For long-horizon retirement investors, FG Merger Corp.
(FGMC) is the stronger choice — it scores higher on the combination of lower volatility, dividend reliability, and long-term compounding (low volatility (β -0. 02)). Butterfly Network, Inc. (BFLY) carries a higher beta of 3. 21 — meaning larger drawdowns in market downturns, which matters significantly when you cannot wait years for a recovery. Both have compounded well over 10 years (FGMC: +5. 0%, BFLY: -44. 0%), confirming both are viable long-term holds — but the lower-volatility option typically results in less emotional selling during corrections. Retirement portfolios generally favour predictability over maximum returns. Consult a financial advisor before making allocation decisions.
10What are the main differences between FGMC and BFLY and JPM?

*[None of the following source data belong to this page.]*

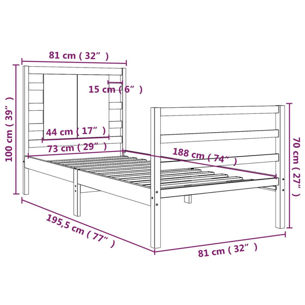 - Tämä sängynrunko sopii patjalle, jonka mitat ovat 75 x 190 cm (2FT6 Small Single).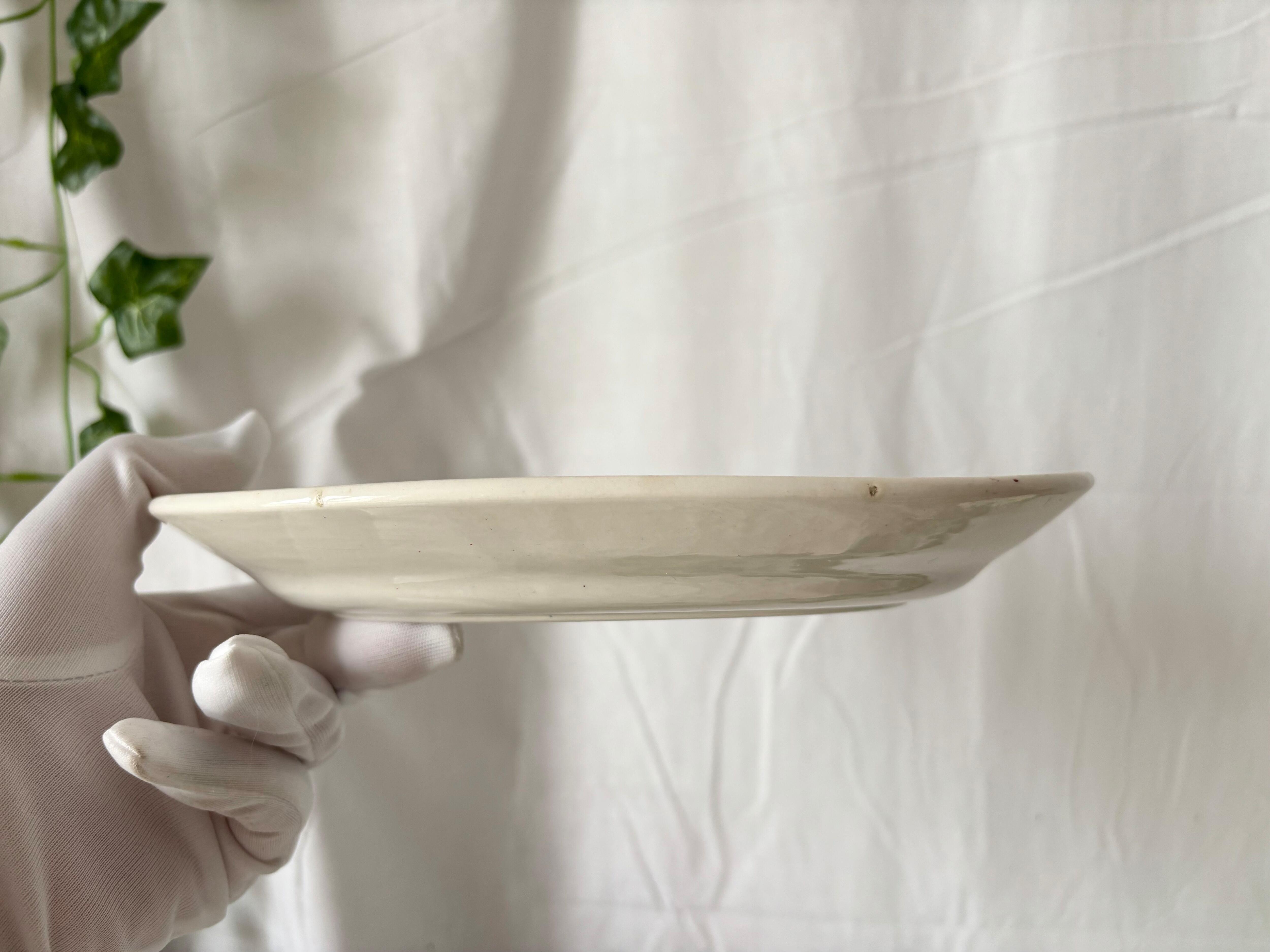 お皿の状態として、小さなカトラリー跡が多くみられます。お皿の縁に、製造時にできたと思われる小さな傷と赤い小さな色とびがございます。裏側のリムにも、突起状の茶色っぽい傷があり、刻印が掠れていますが、艶があり、アンティークとして、良い状態のお品といえます。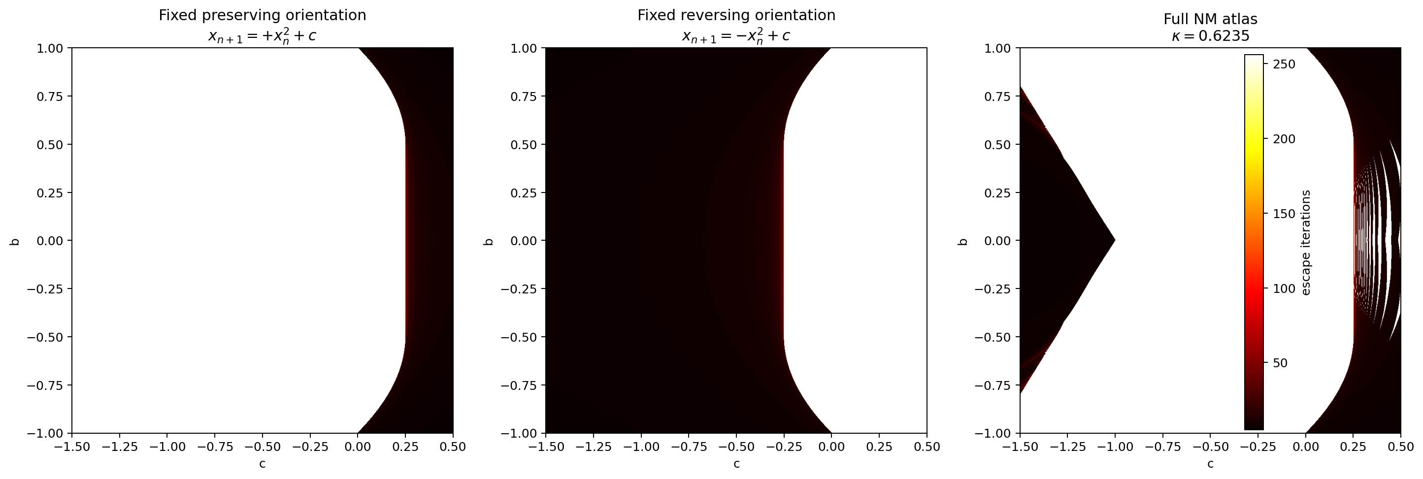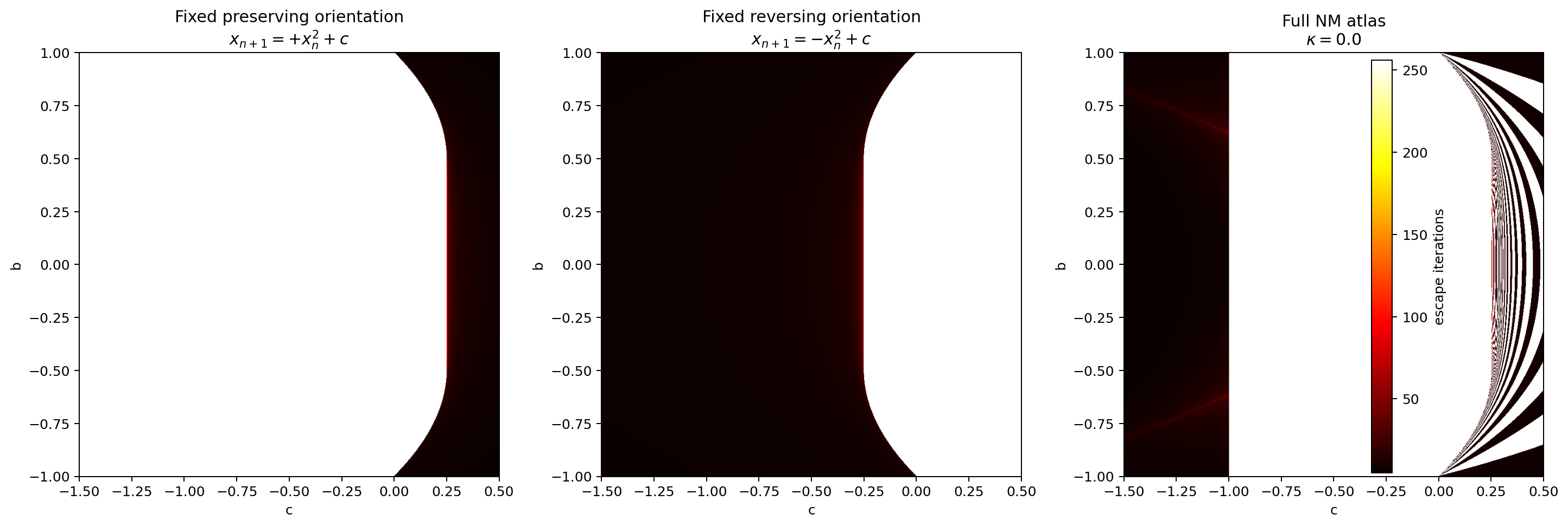with real parameter . The standard atlas colours each parameter value by whether the orbit escapes beyond a threshold. This view records coarse stability, but it suppresses internal orientation history.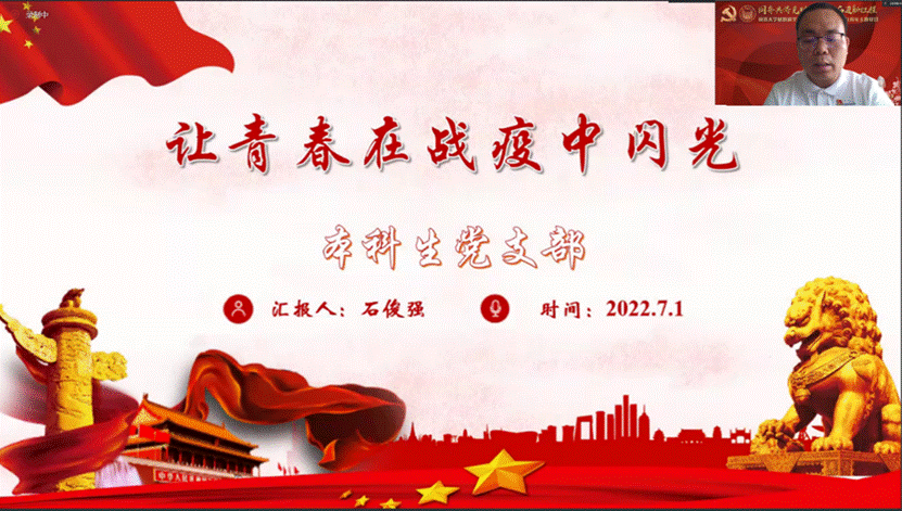 “同舟共济克时艰,聚力奋进新征程”庆祝建党101周年主题党日在庄严的中华人民共和国国歌声中拉开序幕。首先,来自学院教工和学生党支部的8位代表围绕四个主题八个板块分享了自己的战“疫”故事。

These companies operate in different sectors (FGMC (Financial Services) and BFLY (Healthcare) and JPM (Financial Services)), which means they face different economic cycles, regulatory environments, and macro sensitivities — making direct comparison nuanced.
In terms of investment character: FGMC is a small-cap quality compounder stock; BFLY is a small-cap high-growth stock; JPM is a large-cap deep-value stock. JPM pays a dividend while FGMC, BFLY do not, making them suitable for different income and tax situations. These fundamental differences mean investors should not choose between them on a single metric — the "better stock" depends entirely on which of these characteristics aligns with your investment strategy.